12. LOUNGE ACT - Nirvana (1991)
Did Kurt love his work? Hard to say in many cases, though Lounge Act suggests at someone who just wanted to punch holes through things. But in a good way.
13. BIG-EYED BEANS FROM VENUS - Captain Beefheart (1972)
As much about Zoot’s guitar as it is Beefheart’s mad muse, BEBFV shows Van Vliet edging back toward his swampy roots. (‘His music made me feel sick.’ P J Harvey)
14. SON OF SAM - Elliott Smith (2000)
Elliott Smith’s compositions never sounded as though written for public consumption. Faith borne of resignation was a recurrent theme: sadly, SOS offered us all false hope.
15. NO RAIN - Blind Melon (1993)
Shannon Hoon didn’t seem the reckless type on the sprightly yet contemplative No Rain – and the song itself didn’t sound like anything composed by a pal of Axl Rose…
16. BE-BOP-A-LU-LA - Gene Vincent (1956)
Ian Dury was right – the real birth of rock ‘n’ roll arrived with the brief popularity of tragic Virginia rebel Gene Vincent. This reverb-drenched classic nails his legend.
17. LADY DAY & JOHN COLTRANE - Gil Scott-Heron (1971)
Revolution… is certainly the more important cut, but this work-out never fails to raise the mood. In fact, it’s so good, one doesn’t even have to reach for Billie or John…
18. RIDERS ON THE STORM - The Doors (1971)
Despite Jim Morrison’s descent into poetic self-indulgence, The Doors still had in them one last great album with him at the helm. ROTS was the jewel in its crown.

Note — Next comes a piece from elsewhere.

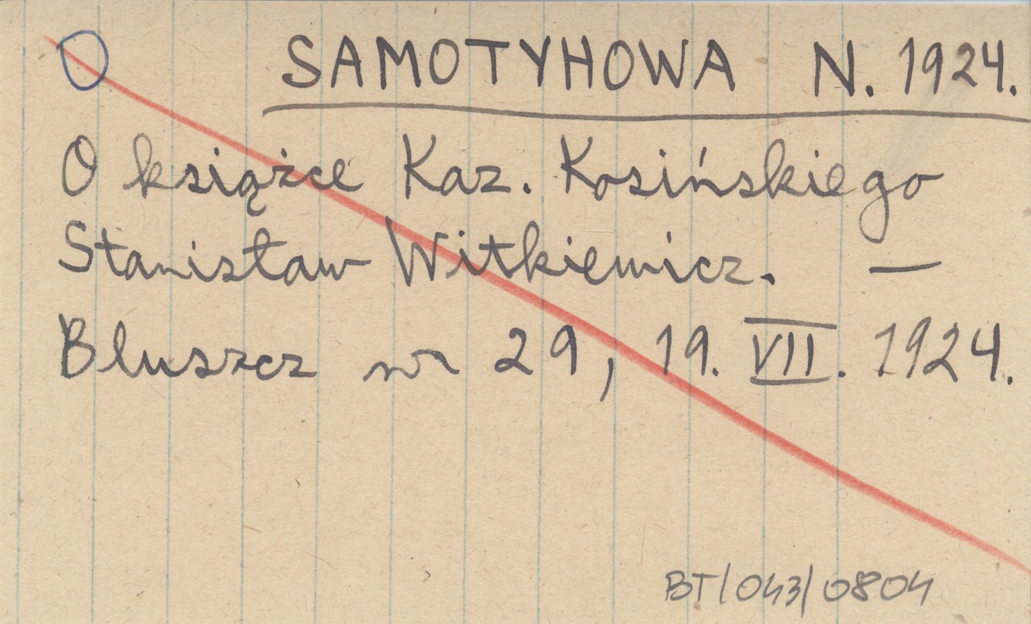 SAMOTYHOWA N. 1924 O książce Kaz. Kosińskiego Stanisław Witkiewicz.
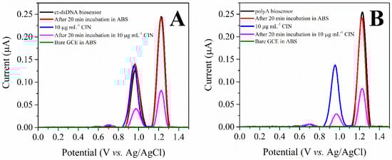 (A) DP voltammograms of the ct-dsDNA biosensor, 10 μg mL−1 CIN, the ct-dsDNA biosensor after incubation in ABS (pH 4.7), the ct-dsDNA biosensor after incubation in 10 μg mL−1 CIN, and the bare GCE in ABS (pH 4.7), (B) DP voltammograms of polyA biosensor, 10 μg mL−1 CIN, the polyA biosensor after incubation in ABS (pH 4.7), the polyA biosensor after incubation in 10 μg mL−1 CIN, and the bare GCE in ABS (pH 4.7).

19. OUT ON THE FLOOR - Dobie Gray (1966)
It took almost a whole decade for this ignored gem to re-emerge as a Northern Soul favourite. Others might plump for Drift Away, but this was Dobie’s best moment.
20. THE BOOK LOVERS - Broadcast (1996)
Founder James Cargill continued to use Trish Keenan’s vocals on the band’s recordings after her 2011 death. This early cut displays her haunting style at its finest.